In Wikipedia's page on the rotation operator, section "In relation to the orbital angular momentum", they write $$ R(z,t) = exp((-i/h) \varphi L_z) $$
where $\varphi$ is the angle being rotated through My Schaum's textbook also has the negative sign.
However, this website does not have the negative sign. Its argument for deriving the rotation operator uses Taylor series.

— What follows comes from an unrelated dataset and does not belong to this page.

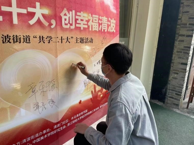 共学二十大,精神我宣讲。教师党员们与清波街道党支部的党员同志们以座谈交流的形式开展支部共建活动,用生动的案例、饱满的激情、凝练的语言对党的二十大精神作了宣讲和深入阐释,充分发挥了“经昇”宣讲团的作用。随后,党员教师们走进社区,为社区居民讲解党的二十大知识,并通过知识竞猜活动让社区居民融入其中,使社区居民对党的二十大精神有了更直观、更清晰的认识和理解。

They say if you write
$ e^{iL_z \varphi / \hbar} \cdot f(\theta_0, \phi_0, r_0)$ (i.e. the operator acting on a particular point of the function $f$) and expand in Taylor series, you get:
\begin{align} e^{iL_z \varphi / \hbar} \cdot f(\theta_0, \phi_0, r_0)&=1 \cdot f(\theta_0, \phi_0, r_0) \\ &+ (1/1!) \varphi^1 (d/d\phi) \cdot f(\theta_0, \phi_0, r_0) \\ &+ (1/2!) \varphi^2 (d^2/d\phi^2) \cdot f(\theta_0, \phi_0, r_0) \\ &+ (1/3!) \varphi^3 (d^3/d\phi^3) \cdot f(\theta_0, \phi_0, r_0) \\ &+ (1/4!) \varphi^4 (d^4/d\phi^4) \cdot f(\theta_0, \phi_0, r_0) \\ &+ \cdots \end{align}
which is the Taylor expansion for $ f(\theta_0, \phi_0 + \varphi, r_0) $, so the expression $ e^{iL_z \varphi / \hbar} $ has successfully rotated the function's point through an angle $\varphi$.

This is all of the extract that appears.